Released in 2007 strictly for PC, the original Crysis gained a bit of notoriety in the gaming world due to its demanding hardware requirements. A high-end gaming rig was necessary to be able to run the game, and not many could play it at max settings. It was famously stated by Cevat Yerli, the director of Crytek, that Crysis would never be able to be played on consoles.

Well, four years later, we finally have Crysis on XBLA/PSN, and it looks pretty damn good.

The new CryEngine 3 was created with the console in mind, and the developers took advantage of this new technology to bring the original Crysis experience to a brand new audience. Stripped down to its single player campaign, the game comes as a $20 downloadable title.

Set in the year 2020, Crysis places gamers in the role of soldier Jake Dunn (codename: Nomad). Nomad, along with the rest of the elite Raptor Team, has been sent to a remote island off the coast of the Eastern Philippines to investigate a distress signal sent from U.S. scientists. Upon arriving, it is discovered that North Korean forces have taken over the area and are well on their way to unleashing a powerful ancient alien artifact found in the middle of the island. It is the Raptor Team’s job to put an end to the entire threat, taking down North Korean and alien forces along the way.

Crysis [Xbox 360, 2011]

It’s a pretty daunting task, but Nomad is aided in the form of his high-tech Nanosuit, which provides enhanced strength, speed, armor and a cloaking ability. These features can only come in bursts, however, as the suit needs to be recharged after a certain amount of time. Being able to switch between cloaking (temporary invisibility) and beefed-up armor is a unique feature, and it allows the game to be played in multiple ways.

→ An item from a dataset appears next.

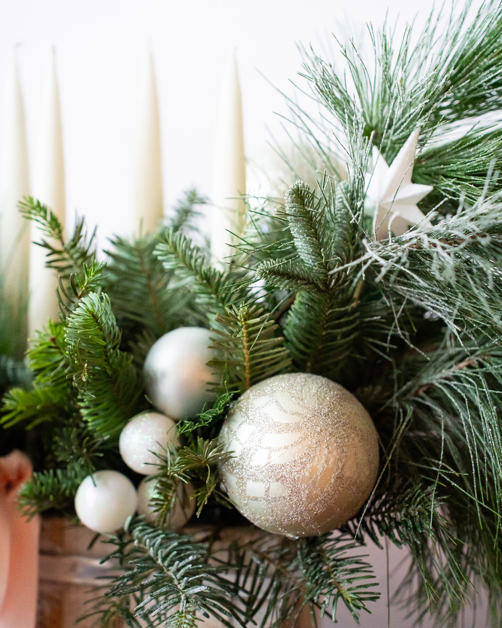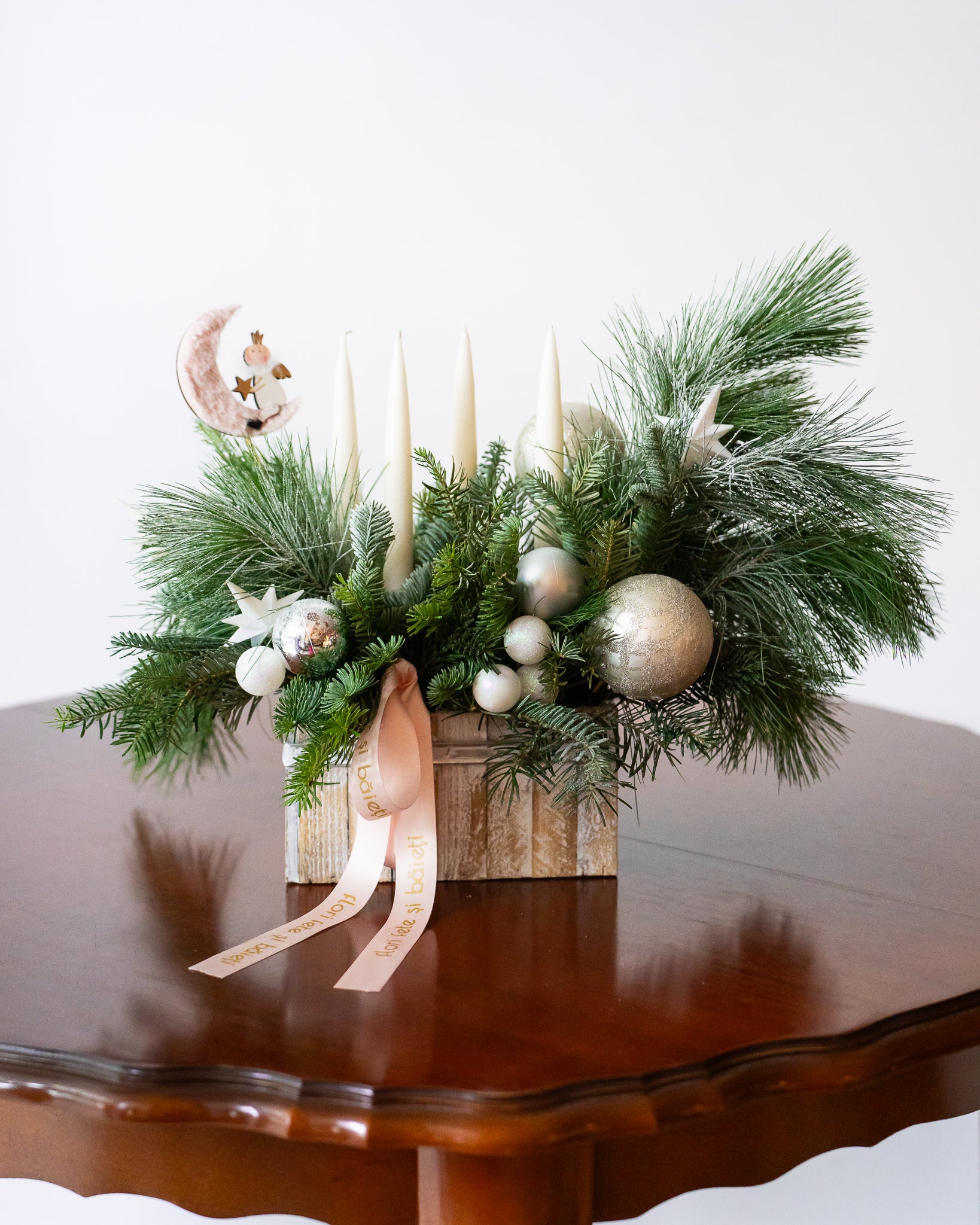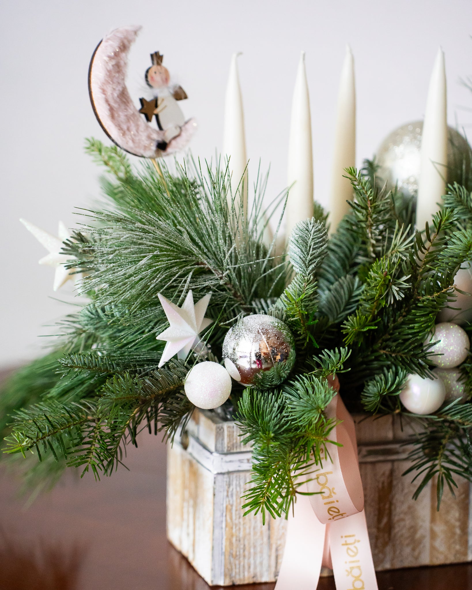 Conținutul aranjamentului: Brad, Pin, globuri, lumânări, accesirii decorative.

Depending on your preferred style of play, you can run through guns-a-blazin’ or stealthily maneuever past most enemies. Since you are only able to use the functions in limited doses, it often takes different strategies to accomplish certain goals.

While Crysis plays as a linear shooter (at least in terms of providing mandatory objectives), it is presented in a wide open world that allows for deep exploration. There are multiple ways to get to the intended targets, and there are also secondary objectives that can be completed along the way. For those that revel in sandbox glory, this will be a very rewarding experience.

Weapons are mostly standard fare — assault rifles, shotguns, missile launchers, etc. — but they can be customized from the get-go to suit your needs. Flashlights, laser dot sight, scope sight, and upgraded ammo are just a handful of traits that can be changed with every acquired weapon. This impressive amount of features, everything from customizable weapons to the badass Nanosuit, helps make Crysis stand out from other like-minded shooters.

Crysis [Xbox 360, 2011]

Graphically, Crysis looks great (considering its age), but it does suffer from some small issues. Minor details, such as blades of grass, are rough in appearance, and there are occasional problems with graphics being drawn in on the fly. Still, it’s a major feat just to be able to play this on a console, and it can hold its own with some of the early generation Xbox 360/PS3 titles.

As a $20 downloadable game, Crysis is a pretty good deal. The single player campaign lasts 8-10 hours, and the achievements/trophies are set up in a way that rewards at least two separate playthroughs. Crysis is the type of shooter that we don’t see as often on consoles, as it presents a great open world that allows for some flexibility on the part of the gamer. It also helps to have some variety in the form of enemies, as the transition from enemy soldiers to badass aliens is a welcome one.

The bottom line is that Crysis is a mandatory pickup for those who have been curious about it over the years, and it is a great buy for fans of first person shooters in general.


(A copy of this game was provided by the publisher for review.)